My 18yo lived on campus at a local university in the Fall, and did not do well without the guidance and supervision we gave him in high school. He has returned home, and will now commute to classes. While I recognize his disappointment in himself, and his irritation at living at home after experiencing freedom, we need to have some kind of agreement about his residing here. He has already created havoc in our home, just by being the unorganized, lots-of-large-projects, impulsive guy that he is. His younger siblings are annoyed that he is back - and frankly, so am I - but that's what we have to work with right now.

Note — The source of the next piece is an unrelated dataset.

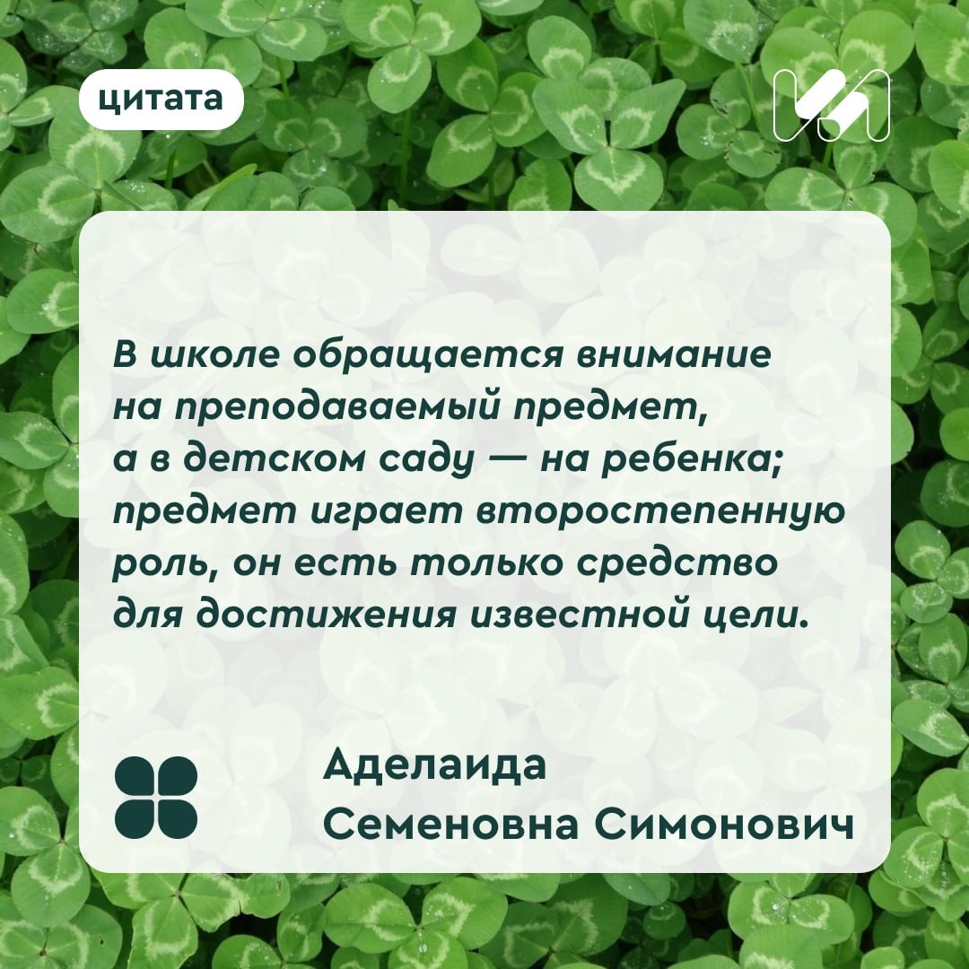 🎓 В рубрике о выдающихся педагогах — Аделаида Семеновна Симонович, российский педагог, издательница и теоретик общественного дошкольного воспитания. Человек, для которого в центре образования всегда стоял ребенок и его развитие. В 1866 году она открыла собственный детский сад в Санкт-Петербурге, изучив опыт системы Фребеля. В программе были Священное Писание, чтение и письмо, рисование, аппликация, конструирование — и даже детский театр теней. Симонович учредила первый в России педагогический журнал по дошкольному воспитанию «Детский сад», где публиковались тексты великих педагогов и практические материалы для воспитателей. Позже она основала ясли для крестьянских детей при сельской школе. Ее труды стали важной частью истории дошкольного образования. Клевер Лаборатория

I want to have some kind of contract or agreement about what is expected of him to live in our house. Do any of you have experience with this? He is not in the same category as the younger ones, nor is he as much of an adult as he seems to think he is, regarding following the rules of the house. It is over an hour each way to commute on mass transit, and he argues that he needs a car in order to have enough time to study. He also can't study at home, so will be on campus most waking hours. I think having to commute is part of living with the consequences of having to leave his housing, and I don't want to let him use a car. (Not to mention that he is a careless driver.) But 3 hours a day on bus/train???
And with that kind of schedule, how much should we expect from him for helping out around here? He will do his own laundry, but he creates more mess than he cleans up in every room he goes into. (Yes, I should have trained him better long ago, and now I have to live with it.)
I am not sure what is fair and normal for a "housing contract." Any suggestions?